Catheter ablation (CA) is a well-established treatment in patients with ventricular tachycardia and appropriate implantable cardioverter defibrillator (ICD) therapies. We enrolled 57 consecutive carriers of ICD undergoing CA for electrical storm (ES). Our aim was to investigate differences in clinical, device-related, and electroanatomic features among patients who had history of appropriate ICD interventions before the ES compared to those who had not. The primary endpoint was a composite of death from any cause and recurrences of sustained VT, ventricular fibrillation, appropriate ICD therapy, or ES. During a median follow up of 39 months, 28 patients (49%) met the primary endpoint. Those with previous ICD interventions had a higher prevalence of late potentials and a greater unipolar low-voltage area at electroanatomic mapping. Patients who met the primary endpoint had a higher prevalence of ATP/shock episodes preceding the ES event. At Cox regression analysis, non-ischemic dilated cardiomyopathy (NIDCM), QRS duration, and previous ATP and/or shock before the ES were associated with arrhythmic recurrences and/or death. At multivariate analysis, NIDCM and previous shock were associated with arrhythmic recurrences and/or death. : A history of recurrent ICD therapies predicts worse outcomes when CA is needed because of ES. Although more studies are needed to definitively address this question, our data speak in support of an early referral for CA of ES.

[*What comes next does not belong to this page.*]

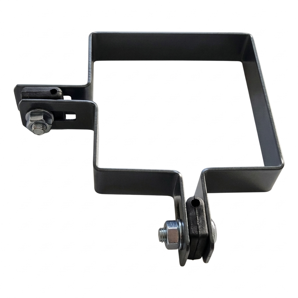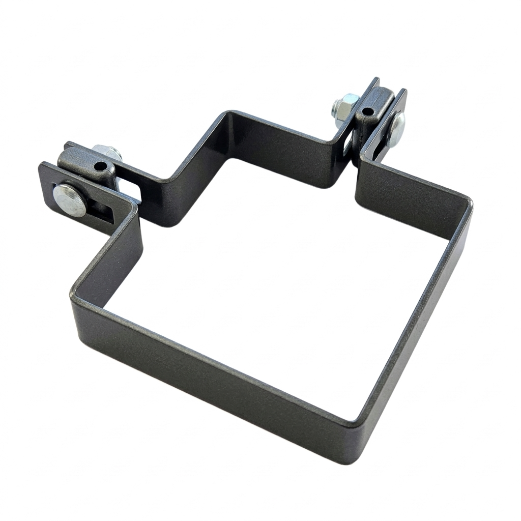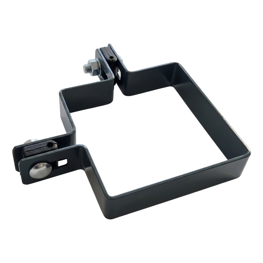 Die Schelle ist perfekt an den Pfosten-Querschnitt 100×100 mm angepasst, was eine stabile und sichere Verbindung der Zaunkonstruktion gewährleistet. Die bohnenförmigen Montagelöcher ermöglichen eine Positionsregulierung des Paneels relativ zum Pfosten – erleichtern die Ausrichtung des Zauns auch auf unebenem Gelände.

导管消融术(CA)是治疗室性心动过速患者以及进行适当植入式心律转复除颤器(ICD)治疗的成熟方法。我们连续纳入了57例因电风暴(ES)接受CA治疗的ICD携带者。我们的目的是研究在ES之前有适当ICD干预史的患者与没有该病史的患者在临床、设备相关和电解剖特征方面的差异。主要终点是任何原因导致的死亡以及持续性室性心动过速、心室颤动、适当的ICD治疗或ES复发的综合结果。在中位随访39个月期间,28例患者(49%)达到主要终点。那些有既往ICD干预的患者在电解剖标测时晚期电位的患病率更高,单极低电压区更大。达到主要终点的患者在ES事件之前ATP/电击发作的患病率更高。在Cox回归分析中,非缺血性扩张型心肌病(NIDCM)、QRS时限以及ES之前的既往ATP和/或电击与心律失常复发和/或死亡相关。在多变量分析中,NIDCM和既往电击与心律失常复发和/或死亡相关。:当因ES需要进行CA时,既往反复进行ICD治疗的病史预示着更差的预后。尽管需要更多研究来明确解决这个问题,但我们的数据支持对ES尽早进行CA转诊。